I saw a LinkedIn discussion thread that was initiated by Allen Holub. The initial post was:
https://www.linkedin.com/feed/update/urn:li:activity:6503389838526468096
What practices are best at promoting culture? A couple years back, Robert Martin and I had a somewhat public debate about whether culture or practices come first. Bob advocates the shu-ha-ri approach: start doing practices, even by rote, and the culture will naturally arise. He used someone bowing when stepping on the mat as an example. At first, it's just rote. Eventually, respect emerges. I took the opposite approach: start with culture and good practices will emerge. If you have a culture of trust and autonomy, better lead time is a natural outcome.

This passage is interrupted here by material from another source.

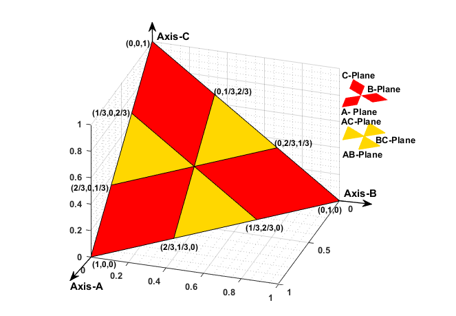 For classification of different CSFs, CCFs and EVFs, a G3DFP as illustrated in Fig. 5(a). It is an amalgamation of three-dimensional triangular plane and hexagonal planes considering three perpendicular axes with equal length. The triangular fault plane shown in Fig. 5(b) is for CSFs and hexagonal fault plane shown in Fig. 5(c) is for CCFs/EVFs. The fault coordinates of this G3DFP representing the three axes as the three phases A, B, and C of the transmission line have been calculated using equations (13-15) respectively. According to eqn. (16), presence of ground fault (G) has been distinguished. Moreover, fault coordinates have been calculated for different fault planes/sub-regions such as phase-to-ground and phase-to-phase faults.

In the real world of consulting, however, it's very difficult to *start* with culture. The people writing the checks typically want to improve something more hands on. So, my question is: in that world, where you need to start with practices, which practices (if any) lead to a good culture the fastest? If you're introducing practices in order to change culture, which practices would you introduce? I have my own ideas, but I'm interested in your experience.
I’d like to riff off of this a bit. I’m thinking of a couple of things:
Do practices lead to culture OR flip it. I think it’s a flip and Allen seems to agree BUT then backs off because it’s hard.
Is that the right approach? Or is it a business-related copout?
And what about the idea of Culture Hacking. Which I haven’t heard a lot about lately. Could that be part of it.
I like this post because it gets to the root of what a view as a BIG problem. And if everyone ignores it, where does it leave us?